Schulman-Green is hopeful because many providers offer this care despite a lack of resources. She is working to provide data to support implementation of regular palliative care education for nurses and a true integration of palliative care APRNs in Israel’s health care system.

She assembled her team with YSN talent and experts in Israel. Schulman-Green’s research partner is Yafa Haron, PhD, a former director of research in the nursing division in Israel’s Ministry of Health, who is now an associate professor at Emek Yezreel College in Tel ‘Adashim. Haron advised another team member, Eliana Aaron ’15 DNP, when Aaron was a YSN student. Aaron runs EMA Care in Israel and teaches at Shaare Zedek Medical Center in Jerusalem. Another team member, Hanna Admi, is the Interdisciplinary Research Coordinator at Rambam Health Care Campus in Haifa. Nursing students Shelli Feder ’17 PhD, APRN, ACHPN and David Collett ’17 MSN round out the group.

Israel created policy in 2009 to offer palliative care in hospitals and create the first APRN role, but it hasn’t been fully implemented. Most medical and nursing schools include end-of-life content as part of a larger topic, and clinician education tends to be sporadic. Few physicians discuss end-of-life care, and there is little data on public knowledge of and attitudes toward palliative care.

Three Years of Research
To date, Schulman-Green has approached her research in phases over three years. In the first year, the team set out to learn the existing structure of palliative care and hospice services, the status of nursing education in an APRN role, the research landscape, and the systemic, cultural, religious, and political issues at play.

 

They conducted an online survey of professional caregivers and learned that 73 percent work with terminally ill patients on a weekly basis, but only 42 percent of respondents received formal palliative care training. They also examined the development of an APRN role, conducting interviews with palliative care physicians and APRNs, oncology nurses, policymakers, and deans. The results showed a low understanding of palliative care and a need for better role definition and practice authority for APRNs.

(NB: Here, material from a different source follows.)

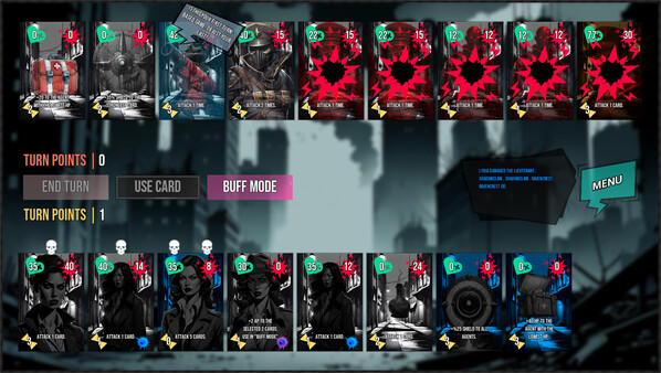 A fast-paced single-player card battler with tactical choices, quick rounds, and upgradeable cards. Build your deck and outsmart the city’s crime lords.
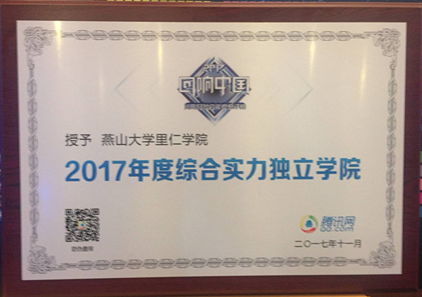 【新闻中心讯】11月22日,“回响中国”腾讯网教育年度总评榜颁奖盛典在北京举行,乐竞(中国)一站式服务官网里仁学院凭借过硬的人才培养质量,良好的社会品牌形象荣获2017年度“综合实力独立学院” 称号。学院党委副书记兼副院长郝连旺出席盛典并接受颁奖。

In the second year, the team identified Rambam Hospital as a research partner and organized a small palliative care conference in Jerusalem. By the end of the second year, they had made more than a dozen presentations at local, regional, and international conferences, and featured the APRN project at YSN Scholars Day. Dr. Haron also visited Yale to collaborate in person on two writing projects and meet with global health faculty. The nursing division at the Ministry of Health created a committee to work on enhancing continuing education for nurses engaged in palliative and end-of-life care.

The main goal of the third year was to vet Managing Cancer Care (MCC) with patients and family caregivers at Rambam Health Care Campus. This palliative care-focused self-management intervention had already shown it could improve symptom management, decision-making, and goal-setting among women with breast cancer. In order to use the MCC in Israel, it first needs to be translated into Hebrew and edited for cultural relevance. The team is currently conducting interviews with breast cancer patients and family caregivers to refine the MCC language.

What’s Next
Schulman-Green believes that palliative care practices are a model for how all health care should be provided, not just during serious illness: patient-centered, caring for the patient and family as a unit, and matching a health care plan to a patient’s priorities.

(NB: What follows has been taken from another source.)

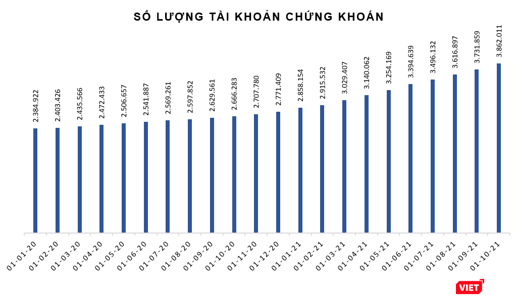 Với 3,81 triệu tài khoản chứng khoán đứng tên các cá nhân trong nước tính đến hết tháng 10/2021, tỷ lệ tài khoản chứng khoán trên dân số của Việt Nam đạt mức 3,9%, áp sát Thái Lan (5,0%) và bỏ xa Indonesia (1,0%), Philippines (1,3%).

Looking ahead, Schulman-Green hopes to see APRNs become fully empowered in practice and not just on paper. She also plans to pilot test MCC at the HaEmek Hospital in Afula, a particularly culturally diverse hospital in the north of Israel. Expansion into Ethiopia is also a possibility.

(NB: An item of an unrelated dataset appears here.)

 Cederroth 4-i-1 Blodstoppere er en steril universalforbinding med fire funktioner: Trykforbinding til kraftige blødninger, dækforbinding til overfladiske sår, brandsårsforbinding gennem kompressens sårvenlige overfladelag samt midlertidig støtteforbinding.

“It’s a tremendous learning experience for me and for the students on the team to see how palliative care is evolving in light of differences and similarities in the evolution of palliative care in the United States,” Schulman-Green said. “What’s been most satisfying is partnering with nurses and other clinicians in Israel in a common effort to improve the experience of serious illness for everyone in Israel—Jews, Arabs, Christians, Bedouins, Druze—and adults and children.”